Une fois n’est pas coutume, le député français Pierre Person, fervent défenseur de la mise en place d’une législation opportune à ce sujet, s’est exprimé sur son compte Twitter en des termes engagés. Selon lui, le vote de cette régulation « condamne le futur des cryptoactifs en Europe » en rendant plus difficile l’utilisation des NFT et de la DeFi (finance décentralisée). Il rappelle également le caractère, selon lui, caricatural de l’argument écologique dans ce débat en affirmant : « Si chacun de nous doit défendre une société plus écologique et vertueuse, interdire le PoW (Proof Of Work) est une vision simpliste et caricaturale. De plus, cela revient à interdire une activité – le minage de cryptoactif – qui n’existe pas sur le territoire européen » ou en rappelant que l’importance du débat lié à l’énergie consommée par l’univers crypto se situe en amont en écrivant : « La question n’est pas la consommation d’énergie du Bitcoin, mais l’origine de cette énergie. Il serait plus pertinent d’interdire l’exploitation minière des énergies fossiles et de favoriser les acteurs qui se tournent vers les énergies renouvelables excédentaires pour améliorer la rentabilité de ces moyens de production. ».

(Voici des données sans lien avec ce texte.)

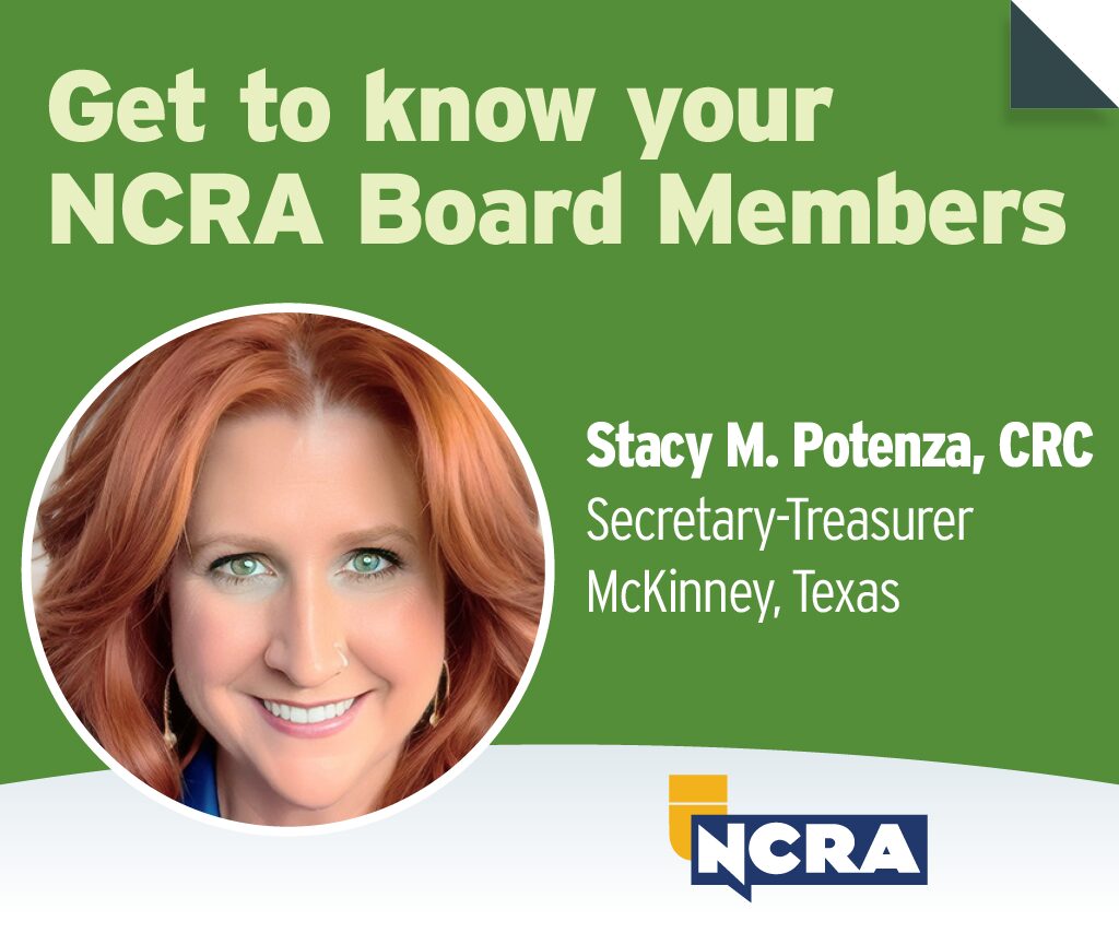 Name: Stacey Potenza, CRCLocation: McKinney, TexasMember since: 2003NCRA Board of Directors: 2022-2026 JCR | How did you hear about court reporting? SP | I first…

Au-delà de ces considération écologiques, c’est en réalité un enjeu géostratégique et économique qui se jouera lors de ce vote. La régulation stricte d’un domaine aussi juvénile et en pleine croissance desservirait fortement, à terme, la cause européenne en alourdissant plus que de raison les législations afférentes à ce domaine d’activité. Ceci pourrait alors donner un avantage compétitif considérable à des acteurs étrangers. Il serait ainsi contreproductif de réguler directement une technologie plutôt que les futurs cas d’usage que celle-ci pourrait créer.
À ce titre, les conclusions de Pierre Person sont frappantes et porteuses d’un message fort : « Une fois de plus, nous allons à l’encontre de l’Histoire. Encore une fois, on laisse des opportunités aux autres tout en se vantant d’avoir une bonne régulation. Si ce texte est adopté tel quel, nous en paierons le prix en termes de compétitivité et d’intérêt des citoyens européens ».